### EXERCISE DETAILS
Your task is to copy the lines from the line containing "2x Selfie Ring, Vlogging" through the end of the listing below, both included, without any pictures.

### SUPPLIED DATA
*** Block opens ***

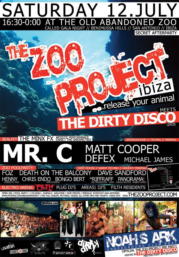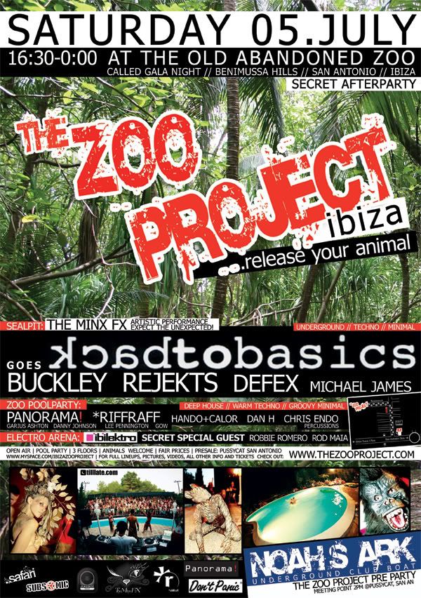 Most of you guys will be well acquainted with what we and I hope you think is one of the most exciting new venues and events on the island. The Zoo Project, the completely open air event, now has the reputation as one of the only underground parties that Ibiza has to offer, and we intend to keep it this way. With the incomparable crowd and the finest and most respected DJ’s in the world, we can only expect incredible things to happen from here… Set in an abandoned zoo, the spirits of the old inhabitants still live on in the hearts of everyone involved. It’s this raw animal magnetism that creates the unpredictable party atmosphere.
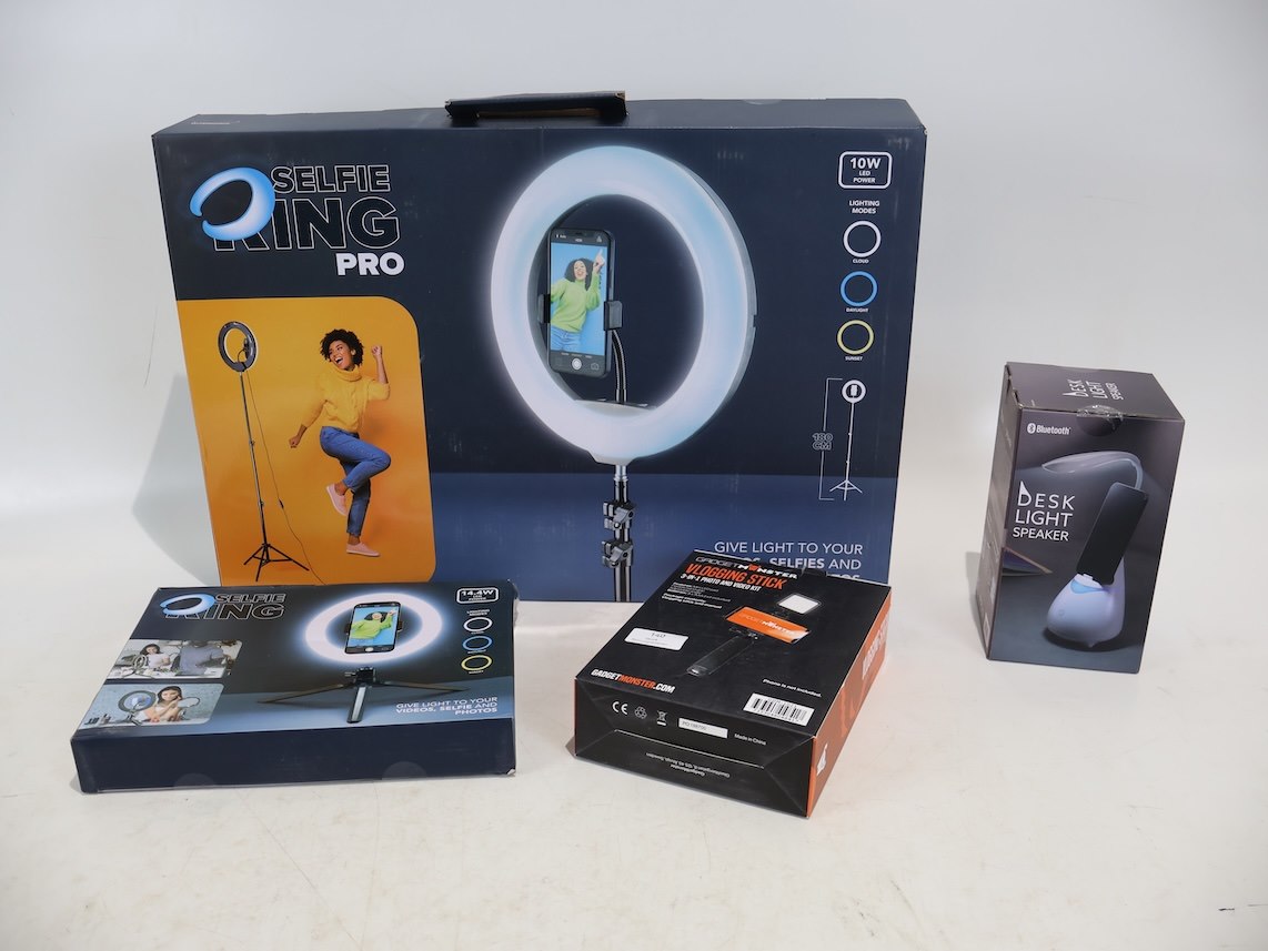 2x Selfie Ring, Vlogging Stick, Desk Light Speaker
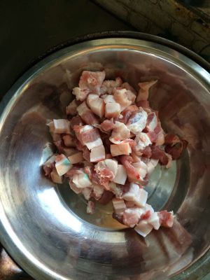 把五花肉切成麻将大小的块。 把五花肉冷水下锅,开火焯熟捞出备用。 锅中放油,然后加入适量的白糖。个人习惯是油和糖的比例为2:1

*** Block closes ***

### RESULT OF THE EXERCISE
 2x Selfie Ring, Vlogging Stick, Desk Light Speaker
 把五花肉切成麻将大小的块。 把五花肉冷水下锅,开火焯熟捞出备用。 锅中放油,然后加入适量的白糖。个人习惯是油和糖的比例为2:1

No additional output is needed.